Le processus de négociations entamé par le chef de l’État autour de son CEP permanent se révèle jusqu’ici sans succès. Dialogue de sourds ? Les différents acteurs concernés restent soudés à leur position et n’entendent pas fléchir. Entre-temps, le Conseil se cherche entre permanent, provisoire et permanent conjoncturel.
De nombreux secteurs de la vie nationale, notamment la classe politique, les organismes de droits humains, les organisations socioprofessionnelles et même des parlementaires optent pour la formation d’un conseil électoral provisoire. Les partis politiques comme l’Organisation du peuple en lutte (OPL), la fusion des sociaux-démocrates, le Rassemblement des démocrates nationaux progressistes (RDNP), le Parti Konvansyon inite démocratique (Kid), le Parti libéral haïtien (PLH), le Parti Aksyon pou konstui yon Ayiti òganize (AKAO), Fanmi Lavalas sont montés au créneau pour dénoncer la mise en place du Conseil électoral permanent.
Les jeux se corsent. Le président de la République n’entend nullement revenir sur sa décision de former un CEP permanent. Les adeptes du provisoire contestent. Ils menacent de bouder les prochaines élections si M. Martelly persiste dans la voie qu’il a déjà empruntée.
Le professeur Sauveur Pierre Etienne, coordonnateur national de l’Organisation du peuple en lutte (OPL) croit qu’il est impossible de mettre en place un Conseil électoral permanent. Car, dit-il, le processus ayant conduit à la mise en place de ce qu’il appelle le « Conseil électoral présidentiel » est vicié à la base. « C’est un CEP mort-né, fruit d’un amendement contesté et d’un CSPJ décrié » a-t-il fulminé en invitant le chef de l’État ainsi que son staff à prendre acte que leur CEP a fait fausse couche et qu’ils doivent rectifier le tir. « C’est le pouvoir qui a la prérogative d’organiser les élections certes, mais il convient à l’opposition de les évaluer » a fait remarquer sauveur Pierre Etienne tout en appelant le président de la République à entendre la voix de la sagesse qui n’est autre que celle de l’opposition et de la société civile.
Crise de confiance ?
Pour Sauveur Pierre Etienne et Jean Hénold Buteau, la notion de confiance est fondamentale dans tout processus électoral. En ce sens, disent-ils, le conseil appelé à organiser les prochaines élections, doit avant tout inspirer confiance aux acteurs. Malheureusement, croient-ils, tel n’est pas le cas. À leur avis, les six conseillers installés au CEP n’inspirent pas confiance autant pour les institutions qui les ont désignés.
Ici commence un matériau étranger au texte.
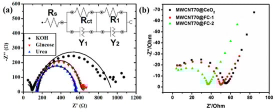 Electrochemical impedimetric spectroscopy (EIS) [93] can sensitively monitor changes caused by capacitance or charge transfer resistance during the specific binding of targeted elements [94]. As per the operational principle and mechanism of the measurement, EIS instruments have been differentiated into two types: non-faradaic EIS (i.e., impedimetric transducers) and faradaic EIS (i.e., amperometric and potentiometric transducers). First, the non-faradaic EIS is a non-destructive method as it favors persistent measurement on the same samples. EIS is also performed at various frequency ranges, and it is highly sensitive to even very small changes in the measurement [93,95]. The EIS analysis does not involve any redox reaction and there is no need for direct current or a reference electrode, whereas the faradaic EIS is very focused on electrochemical reactions and provides specific information that does not require multiple frequency sweeps and results in rapid (i.e., less time-consuming) measurements. Faradaic EIS approaches can be employed wherever non-destructive measures are not a priority. So, non-faradaic and faradaic EIS-based detections are more amenable to fabricating a miniaturized kit, in terms of sensitivity, data complexity, and a non-destructive nature [96,97]. Recently, Tammam, R. H. and Saleh, M. M., synthesized a different weight percentage of NiOx on GCE and measured it in an alkaline medium. The fitted Randles equivalent circuit reveals a double-layer capacitor (Cdl) due to the inhomogeneity and roughness on the surface of the electrode. This capacitor’s presence can be attributed to the increase in the concentration of Ni(OH)2 and NiOOH with the increase in the loading percentage. However, Rct decreases due to the faster charge transfer of the redox couple of Ni(OH)2/NiOOH, thus converting the fraction of the α-Ni(OH)2 species to β-Ni(OH)2. Further, this conversion inhibits the diffusion of -OH ions onto the electrode surface. Then, upon increasing the urea concentration, the Rct decreases, which may be attributed to an increase in the charge transfer kinetic due to the higher electrocatalytic oxidation of urea. At higher urea concentrations, the oxidation of Ni (II) to Ni (III) is accelerated. Hence, Ni (III) is removed by urea, which enhances further conversion of Ni (II) to Ni (III), resulting in an increased charge transfer rate caused by the conversion of the OH− ions to CO32− ions and a CO2 byproduct [51]. Goda, M.A. et al. demonstrated the Rct measurement for the NiOx/CuOx/PANI/GC electrode during the electrocatalytic oxidation of urea. The fabricated catalyst exhibits a significant decrease in Rct, indicating faster charge transfer of NiOx/CuOx/PANI/GC catalysts due to their higher electrocatalytic performance. This may be due to the conductivity contribution of the PANI polymer layer beneath the bimetallic catalyst layer [54]. Salarizadeh, N. et al. developed a NiO-MoO3 on GCE, and the EIS results indicate that the Rct value is lower than that of the bare GCE in the presence of urea (Figure 13a). As a result, there was a growth in the reaction rate at the electrode interface. Thus, the decrease in Rct value significantly proves the electroactivity of the developed electrode for the oxidation and enzyme-free detection of urea [98]. Then, electrospun ferric ceria nanofibers were mixed with MWCNTs coated on the surface of GCE by Shekh, M.I. et al. The Rct value was estimated for the MWCNT70@CeO2, MWCNT70@FC-1, and MWCNT70@FC-2 tested in the presence of uric acid. Amongst these materials, MWCNT70@FC-2 attained the lowest Rct value for the detection and oxidation of uric acid (Figure 13b). This lowest value is because of the sufficient weight percentage of MWCNT (i.e., 70%) and Fe3+ (i.e., 30%) leading to exceptional electrocatalytic performance for the detection of uric acid [99]. Albaqami, M.D. and his colleagues grew Co3O4 nanowires on cotton silk. Then, they drop-casted uricase onto the Co3O4 nanostructures on the GCE surface. This fabricated electrode was used to detect uric acid. The fabricated electrode exhibits a higher charge transfer rate, and a small, semicircular Nyquist’s plot of the electrode shows that the nanowires provide a better measurable electrical signal than that of a platelet-like nanostructure. However, immobilization of uricase can slightly influence impedimetrics due to its insulating features in the presence of an enzyme. Hence, the researchers suggested that the proposed nanowire be used for the determination of uric acid because the cotton silk acts as a co-catalyst to boost the electroactive behavior [100].
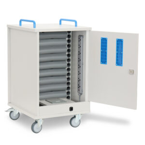 The Lyte 16 Single Door Plastic Shelf Mobile charges 16 devices up to 15.6″ screen size – Chromebooks, laptops and tablets (including protective cases), POS devices and other chargeable equipment.
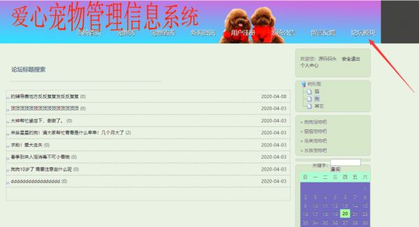 发布宠物信息,寄样信息管理,新闻资讯管理,用户管理,留言管理,管理员登陆,类别管理,系统公告管理,论坛版块管理,领养管理等功能。
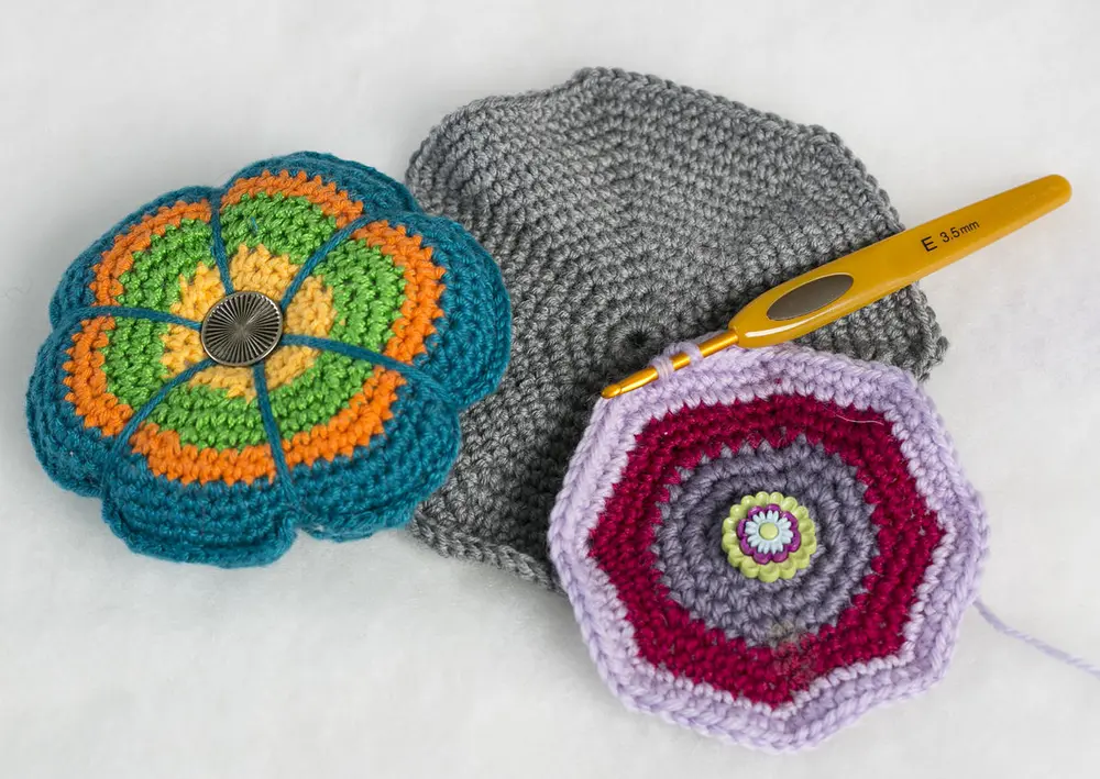 - Vi har heklet 16 omganger for å få denne størrelsen på nåleputen.
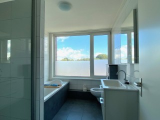 Via vaste open trap bereik je de 2de verdieping, ruime slaapkamer met inbouwkasten, kleinere slaapkamer met inbouwkasten, betegelde badkamer voorzien van douche, ligbad en wastafelmeubel en toilet.
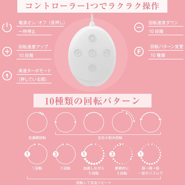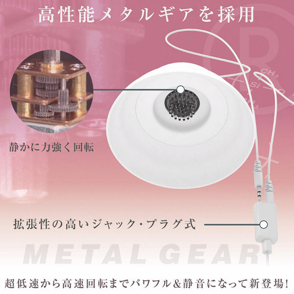 「金属ギア」搭載!静かに、ゆっくり、力強い回転が止まらない!大幅機能アップでもお値段そのまま!美しい流曲線のカップは乳房のサイズやかたちに関係なくやさしく吸着。カップ内部には静音設計の回転機構が組み込まれており、取り替え可能なマグネット式アタッチメントを自在に回転させます。上から服を着れば目立つこともなく屋外や公共のスペースでも楽しめる静音設計ですので、あらゆる場面でプレイが可能です。●10パターン回転●10段階の回転スピード
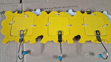 Appendino bambini per stanzetta con 3 ganci e 3 portafoto (6.5x6.5cm) dimensioni 42x14cm in legno colore giallo nuovo mai utilizzato
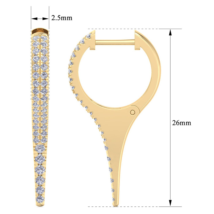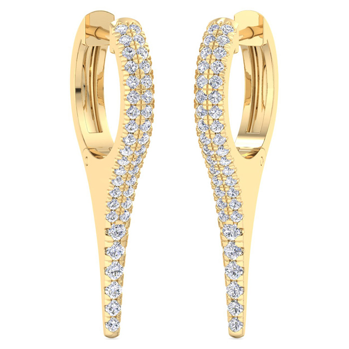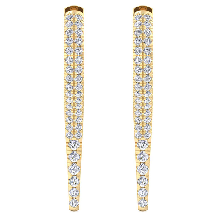 3/4 Carat Lab Grown Diamond Hoop Drop Earrings In 14 Karat Yellow Gold, 1 Inch
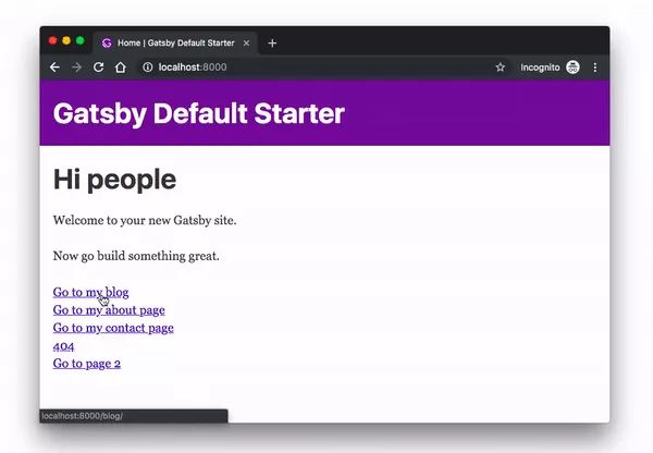 这将在 localhost:8000 上启动项目,在浏览器中打开这个地址就能看到你的 Gatsby 项目了!
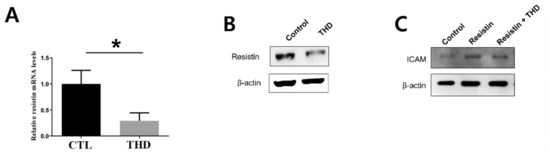 3.5. Reduction in Serum Resistin in ApoE-/- Mice and Resistin Expression of Human Monocyte

Pour étayer sa thèse, Sauveur Pierre Etienne a même évoqué le cas du président du CSPJ, Me Anel Alexis Joseph qui avait plus de 65 ans lors de sa nomination à la Cour de Cassation. Ce qui est contraire, dit-il, à la loi sur la fonction publique. Dans la même veine, le Dr Buteau croit que la mission du CSPJ a été dénaturée dans l’amendement constitutionnel.
Dans cette perspective, se basant sur les tohu-bohus qui entourent la mise en place du Conseil électoral permanent, le patron de l’OPL pense que seul un conseil électoral provisoire formé avec des personnes respectables et intègres peut aider à dénouer la crise.
L’intérêt des adeptes du provisoire…
« Il s’agit d’une question de principe. L’OPL est contre l’amendement de la Constitution. Parmi les huit versions d’amendement qui était en circulation, nous ne savons pas exactement quelle version a été publiée », a lancé le professeur Pierre Etienne. A son avis, l’intérêt du parti qu’il dirige se trouve dans la normalisation des institutions, voie par laquelle doit passer l’avenir du pays.
Jean Hénold Buteau voit aussi dans l’amendement de la Constitution tel qu’il est publié, une menace contre les acquis démocratiques ainsi qu’à la participation populaire. L’exclusion des collectivités territoriales du processus de désignation des membres du Conseil électoral permanent serait, selon ces leaders politiques, un coup de force constitutionnel. Crise institutionnelle, crise constitutionnelle, crise de confiance, crise préélectorale, le pays s’enlise et l’avenir devient de plus en plus incertain. Comme palliatif, Sauveur Pierre Etienne opte pour une solution haïtienne afin d’éviter l’immixtion de l’international dans les affaires du pays.